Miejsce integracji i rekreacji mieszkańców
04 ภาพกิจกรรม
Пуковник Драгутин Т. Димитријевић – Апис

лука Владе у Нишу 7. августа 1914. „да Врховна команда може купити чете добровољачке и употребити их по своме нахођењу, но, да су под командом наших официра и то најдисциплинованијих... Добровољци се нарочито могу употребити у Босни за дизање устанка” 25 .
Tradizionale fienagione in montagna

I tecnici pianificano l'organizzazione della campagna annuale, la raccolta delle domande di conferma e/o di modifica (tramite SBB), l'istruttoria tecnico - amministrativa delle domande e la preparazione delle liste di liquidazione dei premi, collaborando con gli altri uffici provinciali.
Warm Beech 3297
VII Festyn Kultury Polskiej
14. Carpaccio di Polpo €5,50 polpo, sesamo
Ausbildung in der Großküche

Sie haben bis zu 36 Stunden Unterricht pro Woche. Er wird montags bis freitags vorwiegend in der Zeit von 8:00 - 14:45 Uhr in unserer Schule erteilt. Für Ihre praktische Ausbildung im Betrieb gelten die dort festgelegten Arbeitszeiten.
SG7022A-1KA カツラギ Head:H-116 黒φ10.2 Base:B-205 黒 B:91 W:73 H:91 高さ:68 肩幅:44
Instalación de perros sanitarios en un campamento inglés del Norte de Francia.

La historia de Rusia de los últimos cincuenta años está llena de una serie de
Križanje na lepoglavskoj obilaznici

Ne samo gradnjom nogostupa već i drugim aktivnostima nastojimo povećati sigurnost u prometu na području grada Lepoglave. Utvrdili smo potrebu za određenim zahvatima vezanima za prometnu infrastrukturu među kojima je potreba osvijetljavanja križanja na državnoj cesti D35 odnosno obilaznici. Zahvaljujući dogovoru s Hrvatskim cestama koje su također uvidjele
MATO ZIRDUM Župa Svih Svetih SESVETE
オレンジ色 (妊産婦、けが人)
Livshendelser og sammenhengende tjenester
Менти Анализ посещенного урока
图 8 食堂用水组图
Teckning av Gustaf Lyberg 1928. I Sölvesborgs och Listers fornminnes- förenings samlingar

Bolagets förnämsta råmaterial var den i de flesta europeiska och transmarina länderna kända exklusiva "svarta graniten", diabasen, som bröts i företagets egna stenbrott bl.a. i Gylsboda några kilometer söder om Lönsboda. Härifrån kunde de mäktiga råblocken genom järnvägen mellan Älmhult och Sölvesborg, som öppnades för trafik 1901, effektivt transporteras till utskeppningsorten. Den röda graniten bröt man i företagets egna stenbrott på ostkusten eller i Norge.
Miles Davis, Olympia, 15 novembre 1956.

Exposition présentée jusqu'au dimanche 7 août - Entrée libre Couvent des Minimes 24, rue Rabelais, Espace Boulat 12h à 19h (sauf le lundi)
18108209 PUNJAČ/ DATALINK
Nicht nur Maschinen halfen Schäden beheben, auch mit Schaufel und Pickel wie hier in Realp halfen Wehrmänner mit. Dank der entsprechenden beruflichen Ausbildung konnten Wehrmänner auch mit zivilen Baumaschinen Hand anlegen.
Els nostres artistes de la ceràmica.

### Exercise description
Only one part of the material above is to be transcribed, namely the lines starting with the line that has "Ausbildung in der Großküche" and going on through the line that has "Križanje na lepoglavskoj obilaznici", exactly as they stand.

### Solved exercise
Ausbildung in der Großküche

Sie haben bis zu 36 Stunden Unterricht pro Woche. Er wird montags bis freitags vorwiegend in der Zeit von 8:00 - 14:45 Uhr in unserer Schule erteilt. Für Ihre praktische Ausbildung im Betrieb gelten die dort festgelegten Arbeitszeiten.
SG7022A-1KA カツラギ Head:H-116 黒φ10.2 Base:B-205 黒 B:91 W:73 H:91 高さ:68 肩幅:44
Instalación de perros sanitarios en un campamento inglés del Norte de Francia.

La historia de Rusia de los últimos cincuenta años está llena de una serie de
Križanje na lepoglavskoj obilaznici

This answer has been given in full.